Surrealpolitic for surreal times.: Everything Oil Is New Again.

8.30.2006

Everything Oil Is New Again.

In a speech August 30th at Purdue University, Senate Foreign Relations Committee Chairman Richard Lugar said that Russia, Iran and Venezuela's adversarial "regimes" (quotes mine) threaten U.S. energy supplies and that these three countries' use of these supplies as leverage against their neighbors increases the chance of future conflict over diminishing supplies. Thank God we're not any of their neighbors or we too might be drawn into conflict.

It comes as no surprise that nations go to war over diminishing resources since it has been the cause of every major conflict ever. What should come as a surprise is that our nation has all the resources it needs to completely kick dependancy on foriegn oil and we still can't. Politicians will tell you it's a complicated geo-political situation and that it simply can't happen overnight and they are right. It can't happen overnight. It should have happened in 1973 when we all knew this was going to be a problem.

When Richard Nixon was still in office (our oil problems began before Carter although many Reagan campaign managers would have you think differently) the energy 'crisis' truly began in this country and coincidentally when many Americans first learned their oil actually came from somewhere else. At that point, when America first realized that we were no longer in control of our most important resource, did we do the smart thing? No. We did not. In fact, according to the Institute for the Analysis of Global Security, our dependence on foreign oil nearly doubled since that year. In 1972 the U.S. imported 28 percent of its oil versus the 55 percent it does today and projections show that 25 years from now, we're looking at 70 percent.

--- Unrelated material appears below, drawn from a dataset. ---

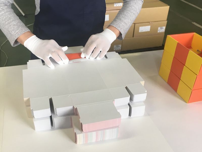 多種多様な商品箱を全て手作業で平面から組み立て、必要があれば商品をセットすることもできます。ご指定の納品箱(袋)に入れて納品します。

And guess where that oil is coming from? Not Canada, my friends.

"So maybe this Iraq war was a good thing, Mr. Surrealpolitic. If we set up a puppet regime in one of the richest oil producing states in the Middle East, our problems are solved! It's like a pipeline right to our own gas stations that will never ever end." You might say this and, on paper, it would probably look good. So how is it working for you now? Not so good I'm thinking. We must realize by now that not only has our mishandling of this war emboldened our enemies in the region, but it has now elevated Iran to the dominant political force in the Middle East and if you think they're not going to pull the strings in Iraq once we leave, please take a look at a map. And if Iran is going to influence the Middle East, you can bet they're going to have something to say about the price of oil and who gets it.

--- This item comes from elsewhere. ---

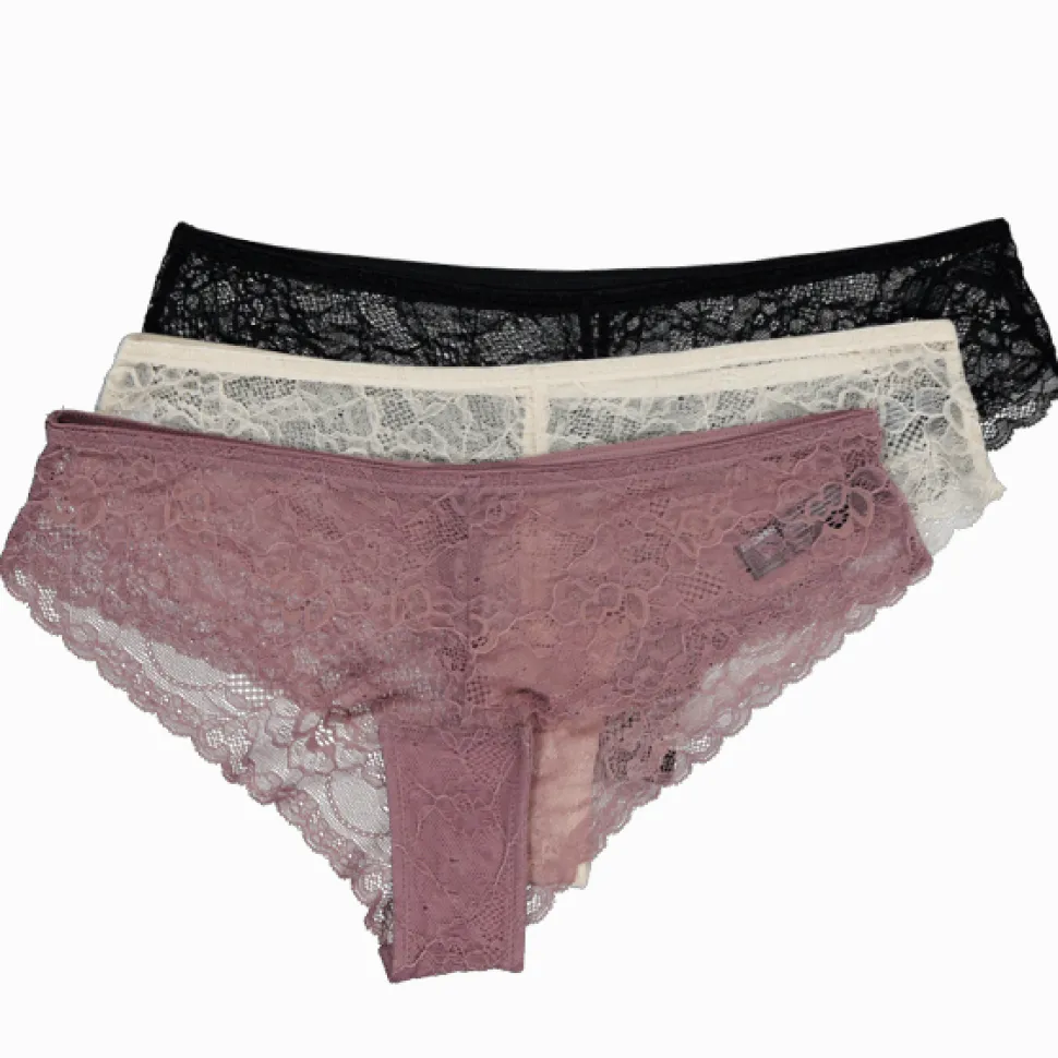 Deze set van drie Brazilian slipjes in bruin tinten voelt heerlijk aan door de zachte kant. De slipjes zijn gemaakt van kant, wat zorgt voor een mooie uitstraling. Met verschillende kleuren heb je altijd een passende optie bij je outfit. Geniet van comfort en stijl met deze veelzijdige slipjes.

What we should do is look at Brazil who has, since the 1973 oil crisis, weened themselves off foreign sources of oil by about 40 percent. 20 percent of that comes from ethanol, a product we can easily make in this country. So why don't we? Well, I believe Vice President Cheney (who held an 'energy policy' meeting in which the biggest American oil companies were invited to attend but not the press) said it best for this Administration: "Conservation is a personal virtue." Meaning that if you want to conserve, go ahead my friend while I guzzle this bottle of WD-40 for lunch. Besides, why should we conserve when we have the greatest military on Earth to get whatever resources we need whenever we need it? That plan seems to be working well enough.

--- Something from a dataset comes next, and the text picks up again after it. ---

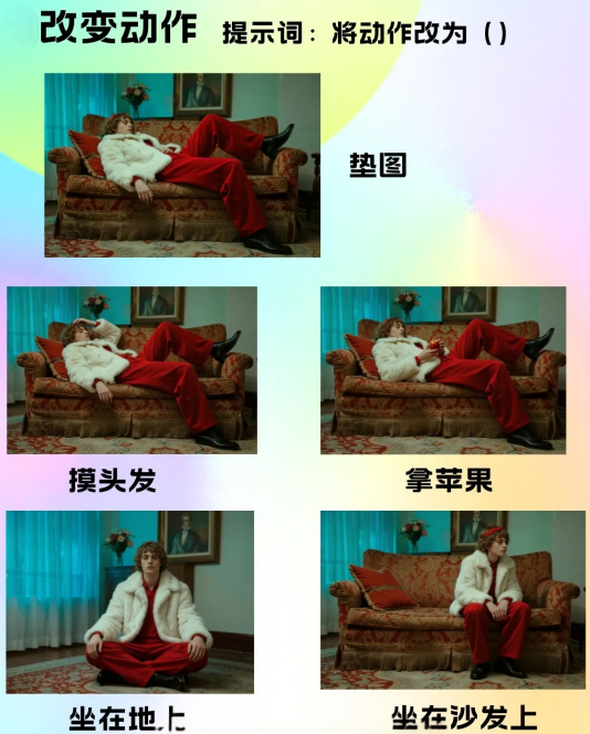 坐着、坐在椅子上、站立、抱膝、蹲着、战斗姿态、架着腿坐、招手、托腮、挥手、提裙、手扶着腰、坐在地上、拍照、弓背、站立弯腰、拉伸、趴着睡觉、趴着、仰着睡觉、侧躺、侧着睡觉、二郎腿、涂口红、跪姿、化妆、手扶着椅子、手拍手、手扶着头、手舞足蹈

Not to be glib, the world oil production is projected to increase by about 65 percent in the next 30 years; three quarters of that from OPEC countries. Here's another fun fact from the International Energy Agency I'll bet you didn't want to know: "Since most OPEC reserves are located in the Middle East, by 2030, Middle Eastern producers will supply 50 percent of U.S. oil imports, 50 percent of Europe's, 80 percent of China's and 90 percent of Japan's." So, Senator Lugar, I suggest you who drive a Prius (he does, actually) should maybe talk to your friends up there in Washington and see what you can do about a different energy policy. After all, we only have so many troops.